Brief: Write out, with no changes, every line starting at the one that contains "本次制冷展成都一品红展览展示" and ending at the last line of the data below. Leave pictures out.

Stored data:

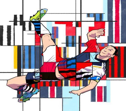 值得一提的是,法甲官方别出心裁地制作了一张精美配图。在这张配图中,伊布的球衣由9支他曾经效力过的俱乐部的元素组成。而图中的伊布正在空中舒展着身体,似乎在为倒钩做准备,这不禁让人联想到他曾经于瑞典国家队打进的那粒超远距离惊天倒挂金钩。
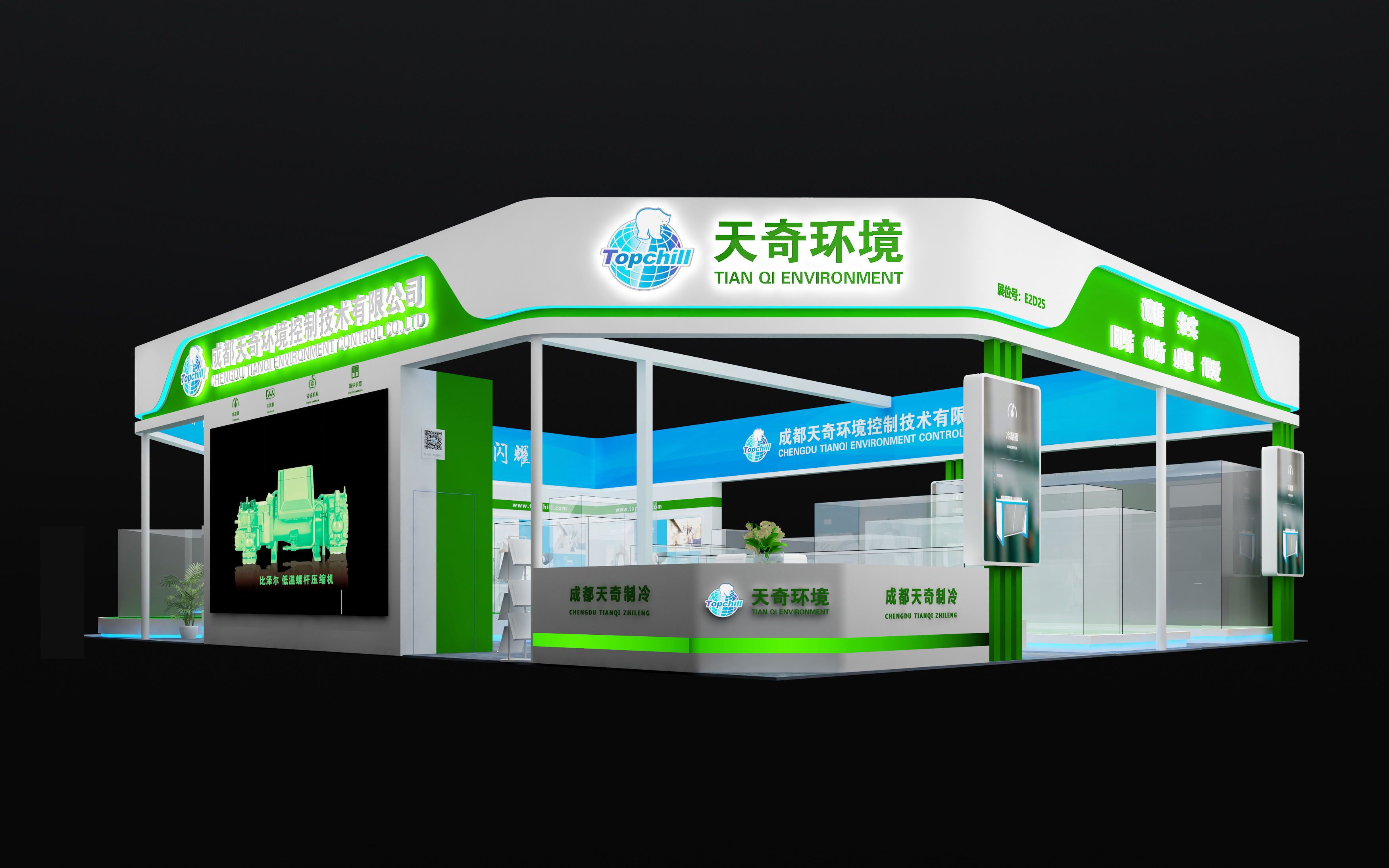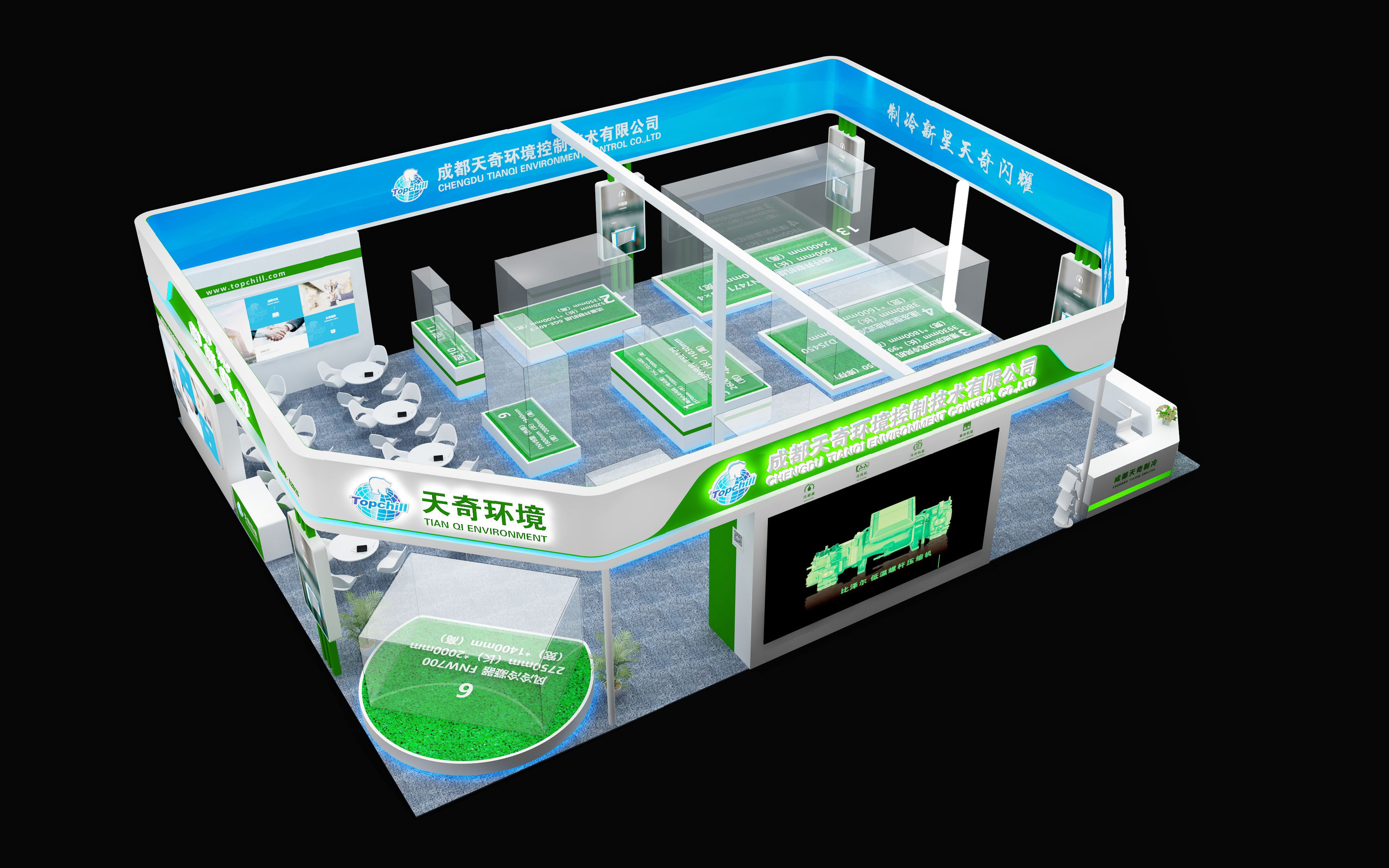 本次制冷展成都一品红展览展示有限公司有幸与成都天奇环境控制技术有限公司携手合作,以诚信为前提,以质量为保障,全心全意微客户服务,完美呈现展台效果。
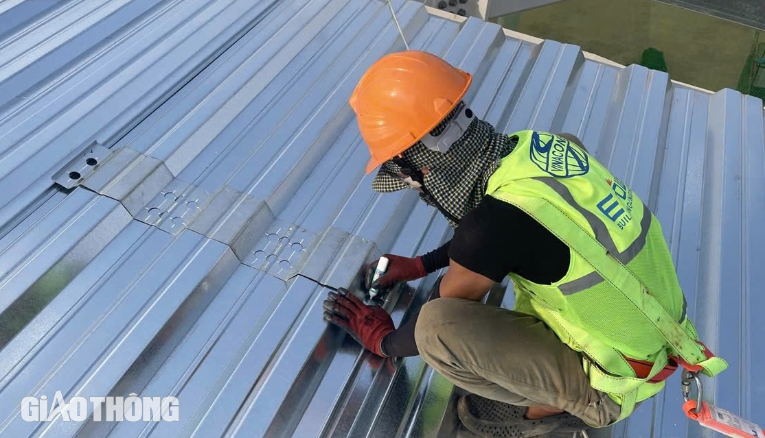 Theo các kỹ sư, mái nhà ga có 5 lớp, mỗi lớp đều phải được thi công theo đúng quy trình kỹ thuật, độ chính xác cao. Khi lắp đặt phần mái được kiểm tra kỹ lưỡng từ độ phẳng, độ kín đến khả năng chống chịu thời tiết. “Mỗi lớp mái đều đóng vai trò quan trọng như cách nhiệt, chống thấm, bảo vệ bề mặt đảm bảo độ bền vững… Khi lắp xong một lớp sẽ phải đo đạc căn chỉnh khi nào chuẩn mới có thể lợp vị trí mới”, anh Nguyễn Văn Tâm thi công lợp mái chia sẻ.

Response box:
 本次制冷展成都一品红展览展示有限公司有幸与成都天奇环境控制技术有限公司携手合作,以诚信为前提,以质量为保障,全心全意微客户服务,完美呈现展台效果。
 Theo các kỹ sư, mái nhà ga có 5 lớp, mỗi lớp đều phải được thi công theo đúng quy trình kỹ thuật, độ chính xác cao. Khi lắp đặt phần mái được kiểm tra kỹ lưỡng từ độ phẳng, độ kín đến khả năng chống chịu thời tiết. “Mỗi lớp mái đều đóng vai trò quan trọng như cách nhiệt, chống thấm, bảo vệ bề mặt đảm bảo độ bền vững… Khi lắp xong một lớp sẽ phải đo đạc căn chỉnh khi nào chuẩn mới có thể lợp vị trí mới”, anh Nguyễn Văn Tâm thi công lợp mái chia sẻ.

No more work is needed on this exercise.